How does that incentivizes workforce participation? You're giving them money to not work, I think graduated taxes should just not have the NIT portion.
No. If you reported $0 in income on your taxes, you get nothing. There's a minimum income to get anything back. So if you don't work, you get nothing, so you are incentivized to find a job of some kind.
But that minimum should be quite low and attainable.
Living on $50k/year is not easy. The federal poverty line for a family of 4 is $31,200, and many consider those numbers to be much too low.
There's absolutely no need to target normal American households with more taxes. Billionaires already don't pay their (too low) taxes and have far, far more than they need that they've taken from the labor of others. Actually taxing them appropriately would cover everything we could possibly need and then some.
We should be raising substantially the minimum income needed before you have to pay taxes. It's fucking stupid to be levying a bunch of tax on people who are struggling to make ends meet.
What? $50k is even in the richest European countries about as much as 2 people earn per year. €25k/year is the median, give or take 2k.
Subtracted are about 5k in taxes.
Yeah, European salaries across the board are generally lower than the US by quite a bit, but we also typically pay for a lot more services than Europeans do as generally a lot more is privatized (healthcare, etc.). $100k is typically what most middle class Americans are striving for in order to have a relatively "comfortable" life, buy a house, etc. (though honestly, the housing market today is so fucking insane that even that isn't really enough to buy a house in many places now).

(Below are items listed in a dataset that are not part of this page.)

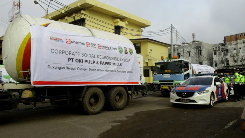 ANTARA - Pemerintah Provinsi Sumatera Selatan dan Polda mendistribusikan sebanyak 30 ton oksigen, Senin (12/7), ke sejumlah rumah sakit rujukan COVID-19 di Kota Palembang. Hal ini merupakan langkah cepat dalam mengantisipasi kelangkaan oksigen untuk menangani pasien COVID-19. Pemprov dan Polda Sumsel menggandeng pihak korporasi melalui program CSR dengan berpartisipasi melalui pengadaan oksigen. (Evan Ervani/Rayyan/Farah Khadija)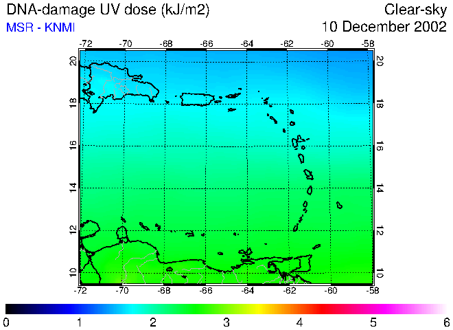 Clear-sky UV index:   erythemal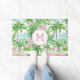 Preppy Pink und Green Tropical Palm Trees Monogram Fußmatte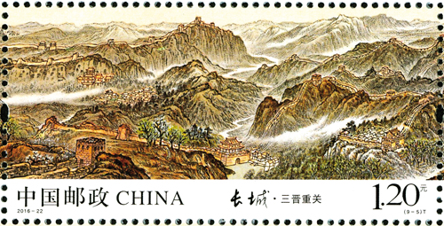 中國萬里長城是世界上修建時間最長、工程量最大的冷兵器戰(zhàn)爭時代的國家軍事性防御工程,是中華民族的古建瑰寶,凝聚著我們祖先的血汗和智慧,是中華民族的象征和驕傲。長城有極高的旅游觀光價值和歷史文化意義,是中華民族古老文化的豐碑和智慧結(jié)晶,象征著中華民族的血脈相承和民族精神。1961年,長城被列為國家級重點文物保護(hù)單位,1987年,被列為世界文化遺產(chǎn),2002年,被列為世界新七大奇跡。1984年,鄧小平、習(xí)仲勛作出“愛我中華,修我長城”的題詞,2006年,國務(wù)院頒布了《長城保護(hù)條例》。2015年,習(xí)近平總書記、李克強總理對長城保護(hù)工作作出了重要批示。今年,為紀(jì)念《長城保護(hù)條例》頒布10周年,中國郵政專門發(fā)行了《長城》特種郵票,一套九枚,分別為:關(guān)山滄海、薊遼天塹、燕趙雄風(fēng)、京畿屏障、三晉重關(guān)、長河飛龍、高原北望、大漠關(guān)城、絲路古道,總面值13.2元。全套9枚郵票中,山西有兩枚長城郵票。第5枚“三晉重關(guān)”、第6枚“長河飛龍”展現(xiàn)了山西十幾處長城景點,成為全國境內(nèi)長城入選最多的省份。長城景點濃縮方寸郵票之中,姿態(tài)萬千,各具特色。郵票色彩豐富,設(shè)計精美,充分體現(xiàn)出了長城的雄偉壯觀。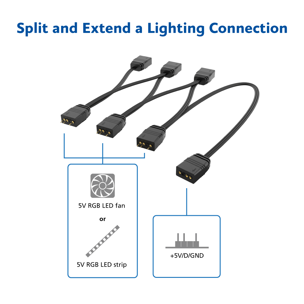 Compatible with ASRock, ASUS and MSI addressable RGB motherboards.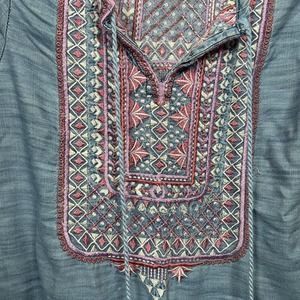 Tolani Women XS Blue Chambray 3/4 Sleeve Top Blouse Embroidered Boho.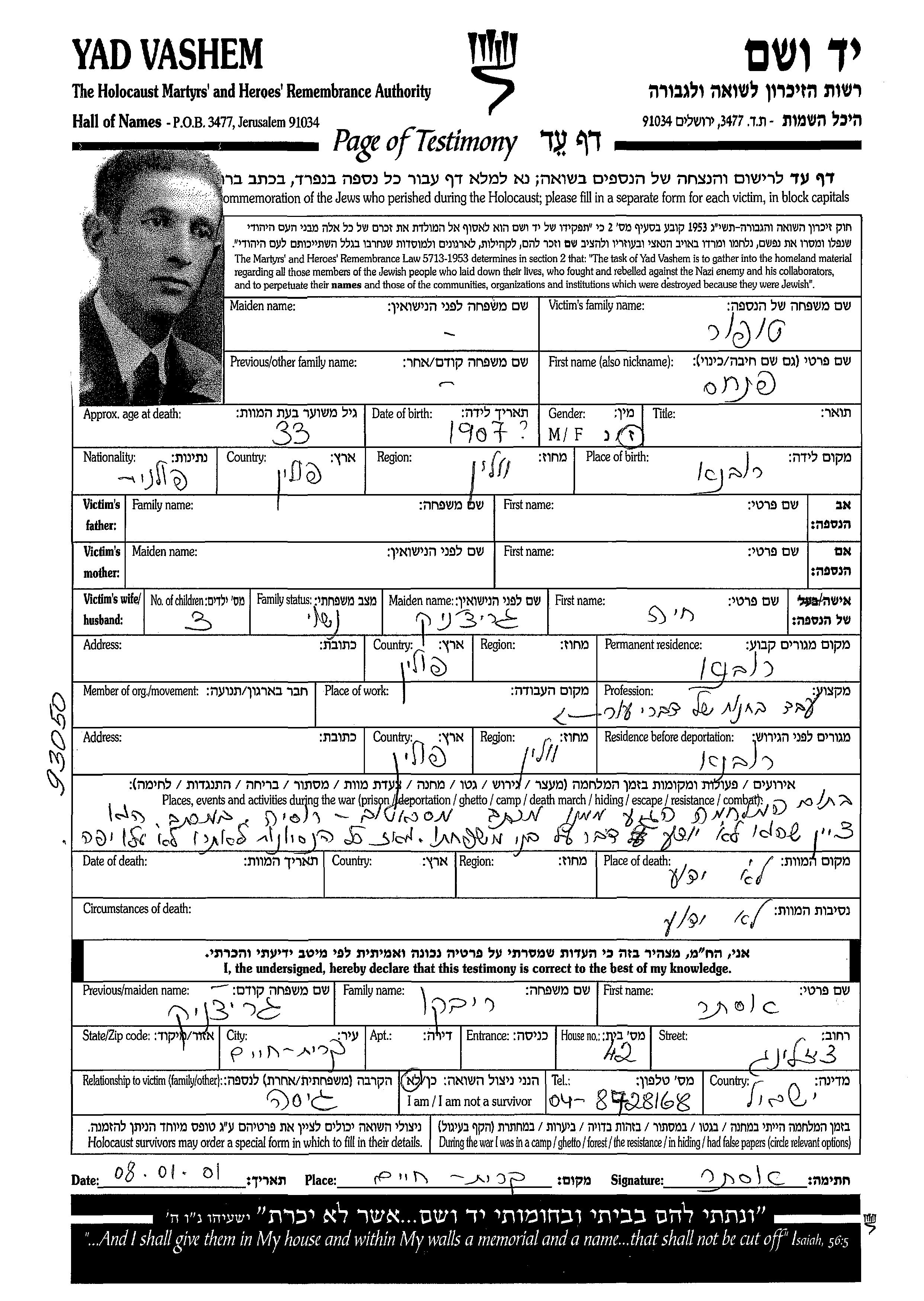Topor Pinkhas 1907 Rowna, Polen Gedenkblatt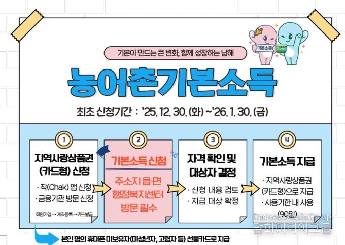 남해군 관계자는 “농어촌 기본소득은 읍·면 행정복지센터 방문 신청이 원칙”이라며 “신청 기간 내 반드시 직접 방문해 신청 절차를 완료해야 최초 지급분을 받을 수 있다”고 말했다.
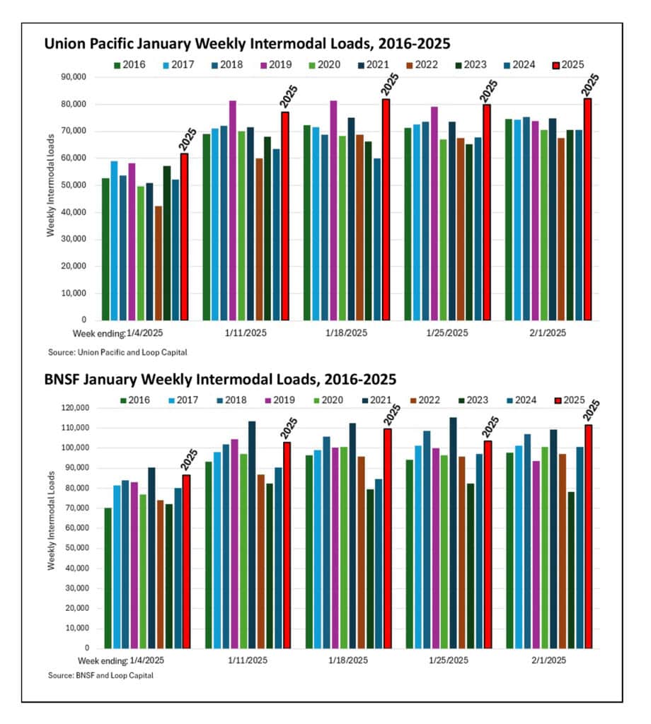 Union Pacific moved 87,788 units in the week prior to the cold snap, which slowed to 79,957 during the weather event, before reaccelerating to 82,244 in the week ending Feb. 1. January load growth was 20% YoY. The numbers for BNSF were 109,453, 103,642 (cold snap) and 111,484 (reacceleration). January loads were up 12% YoY, but note it had a less easy 2024 comp compared to Union Pacific.

The median household income in 2023 was $80,610, for reference.
Everything is relative, who made the product, how long did it take to get where it is, who had to be paid to get it there, how far did it travel, how many tariffs or taxes were paid between here or there, etc, shit Americans forget entirely while voting.
The system you are describing is what most countries use. This is basically just an extension of that intended for people who make so little they need extra assistance.
Actually, the US Earned Income Tax Credit is basically a version of negative income tax.
EIT is a refundable tax credit. Meaning if your total tax burden is less than the credit, federal government will pay you the difference. A part of the child tax credit is the same.